Advance care planning re-imagined: a needed shift for COVID times and beyond

The essence of the paper examined the weaknesses of existing ACP practice and recommended that health and social care professionals find out what matters to people before asking any other questions about ACP. This gives professionals the opportunity to provide care that fits with patient’s wishes.

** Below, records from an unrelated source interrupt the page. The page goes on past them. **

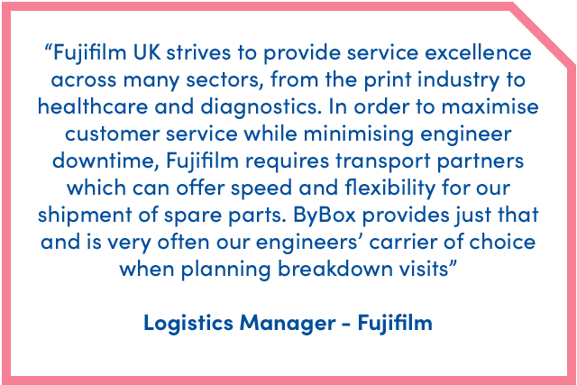 We helped Fujifilm boost engineer productivity to allow them more time to focus on customer satisfaction. By introducing our pre-8am delivery service with end-to-end visibility and tracking of parts in the field, Fujifilm were able to increase the time engineers could spend helping customers to hit SLAs.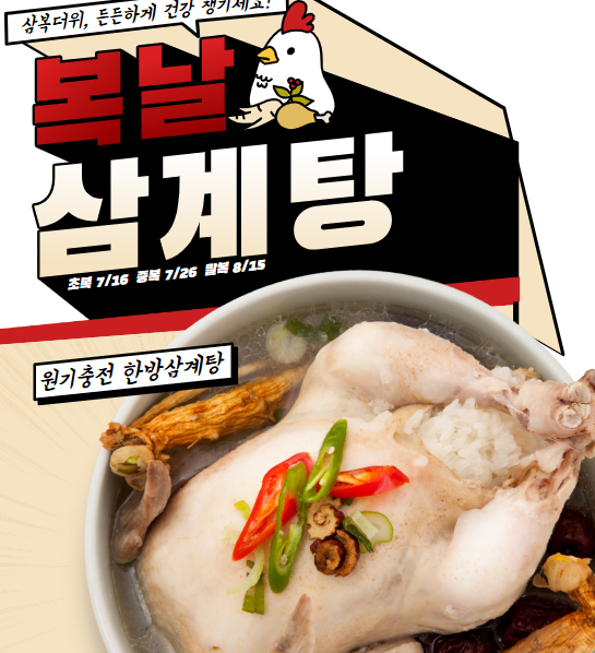 중복은 복날의 중간으로, 더위가 가장 심한 시기입니다. 이때는 기력을 보충할 수 있는 음식이 필요합니다.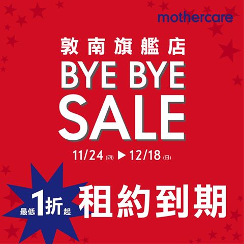 Mothercare敦南旗艦店因店面租約到期,房東將收回店面不再續租,預計營業至2016/12/18!敦南旗艦店將推出最終回饋,特賣日期2016/11/24(四)~12/18(日)。

Following debate regarding the limitations of ACP as currently practiced , and the need to expand conversations to address what is important in a person's life, led to development of the 'What Matters'  Charter. Alongside this, the group raised funds for 2 films. The first supports the Charter and the second is a film for professionals offering advice on how to have 'What Matters' conversations. Feedback on the Charter and the films has been gathered from a wide range of groups, including people working with homelessness, the Ambitions Partnership for End of Life Care, primary care networks and others.

Our hope is that we can change the nature of ACP. Perhaps a better title would be 'Planning Ahead?'. At the heart of this is having 'What Matters' conversations. If we know what is important to people, what really matters to them, we can make sure that our care is focussed around supporting a good life until the end. A positive outcome would be to see a significant increase in the current 5% of people having such conversation.

The members of the group have found the time spent discussing broad issues about end of life care extremely valuable. We hope we are over the worst of the pandemic, particularly as a vaccine become more widely available. Going forward, we have decided to continue meeting. Having a open forum helps to coordinate and join up the efforts of many organisations. We feel, in spite of the busyness of our lives, that our conversations are  worth continuing.